2. How does the forwarding volume and point approval change over time?
time = pd.to_datetime(tweet_df[tweet_df.favorite_count < 10000].timestamp).dt.date fig, ax = plt.subplots(figsize=(20,10)) plt.plot_date(time,tweet_df[tweet_df.favorite_count < 10000].retweet_count,color='b' , label='retweet_count') plt.plot_date(time,tweet_df[tweet_df.favorite_count < 10000].favorite_count, color='r', label='favorite_count') plt.xlabel('time') plt.ylabel('Number') plt.title('Over time, how does the forwarding volume and point approval change?') plt.legend() ax.xaxis.set_tick_params(rotation=90, labelsize=10) plt.show()
- An obvious trend is that at the beginning, the number of points is similar to the number of forwards, but the number of forwards is more. But by 2016 and 2017, the number of Twitters was getting smaller and smaller (as can be seen from the number of blue and red dots, but the number of dots was getting larger and larger). ) Another noteworthy trend is that the number of point reviews has increased dramatically, but during the whole process, the number of forwards has not exceeded 5,000 at most.

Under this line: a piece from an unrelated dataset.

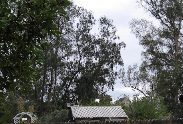 I love this time of year . Were going to have a winter storm. Of course I have my Hobo quilt class tonight and I will be sure and take pictures. Maulie and Morris and I went into the back yard to try to take a picture of the cloudy sky. The photo really doesn’t show the gathering clouds. Poor Maulie got a sticker that went into her paw so I had to pull it out and now she is being really quiet. Morris my Big boy he followed me as I took pictures around the back yard.
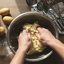 Now knead all the ingredients in a bowl into a smooth, elastic dough. Do this quickly and efficiently – potato dough does not like long kneading. The finished dough should be uniform and not stick too much to your hands. Tear off small pieces of dough and form them into balls the size of a walnut (about 3-4 cm in diameter) in your hands. Slightly flatten each ball, and then use your thumb to make a characteristic indentation in the center – a 'dimple'. Place the finished dumplings on a work surface or board lightly dusted with potato flour.

3. How does the model perform?
image_df.describe()
- The p1_conf value of some tweets is 1, which shows that the neural network is very confident in them.
- But the two predictions, p2_conf and p3_conf, seem to be less confident.
Let's look at the graph with p1_conf value of 1.
tweet = image_df[image_df.p1_conf == 1.0] tweet
from IPython.display import IFrame IFrame('https://pbs.twimg.com/media/CUS9PlUWwAANeAD.jpg',width='100%', height=500)
We found that the model decided that the picture was not a dog, but when we opened the website manually, we found that it was a dog looking at the puzzle. The model might not catch the dog, but focused on the puzzle.
4. What is the most popular dog name?
from collections import Counter x = tweet_df['name'] count = Counter(x) count.most_common(11)
5. What types of dogs are there?
types = image_df[image_df.Prediction == 'dog'].p1.value_counts() types plt.bar(types[0:10].index,types[0:10]) plt.xticks(rotation='vertical') plt.xlabel('Dog Types') plt.ylabel('Number') plt.title('What types of dogs are there?') plt.show()
As you can see, the most popular is Golden Hair, followed by Pembroke and Labrador.
Through this project, we understand the importance of data visualization. For many people, it is difficult to find rules from a pile of text data, but we can clearly find the rules and errors through data visualization.
The initial data exploration is very important. It can help us to find problems in the data and help us to further analyze and understand the data.